→ ASSIGNED TASK: Which lines run from the line with "Current AQHI |" through the line with "冷却与消耗:冷却150秒,需" in the entries below? Print them exactly, both ends included, and nothing more.

____ THE DATA

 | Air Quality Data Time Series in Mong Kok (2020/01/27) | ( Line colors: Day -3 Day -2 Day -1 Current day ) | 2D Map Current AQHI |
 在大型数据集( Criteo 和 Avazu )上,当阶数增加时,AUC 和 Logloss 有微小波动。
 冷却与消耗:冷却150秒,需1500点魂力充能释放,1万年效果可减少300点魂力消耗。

________
____ THE DATA

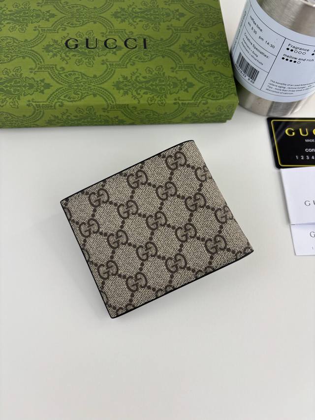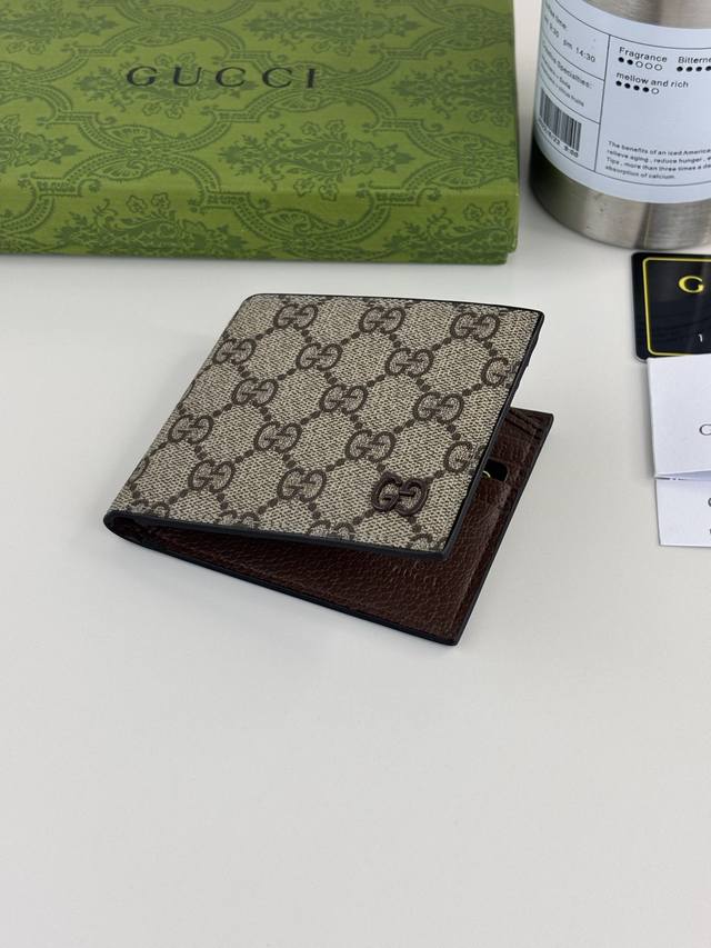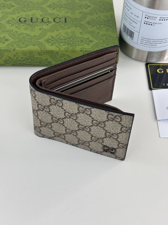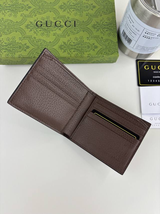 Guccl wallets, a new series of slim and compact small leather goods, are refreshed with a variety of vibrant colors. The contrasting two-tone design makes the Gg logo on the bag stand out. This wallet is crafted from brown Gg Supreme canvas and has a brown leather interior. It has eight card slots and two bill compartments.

________
____ THE DATA

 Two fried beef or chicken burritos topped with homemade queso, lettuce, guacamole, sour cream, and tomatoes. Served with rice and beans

________

→ ANSWER SECTION:
 | Air Quality Data Time Series in Mong Kok (2020/01/27) | ( Line colors: Day -3 Day -2 Day -1 Current day ) | 2D Map Current AQHI |
 在大型数据集( Criteo 和 Avazu )上,当阶数增加时,AUC 和 Logloss 有微小波动。
 冷却与消耗:冷却150秒,需1500点魂力充能释放,1万年效果可减少300点魂力消耗。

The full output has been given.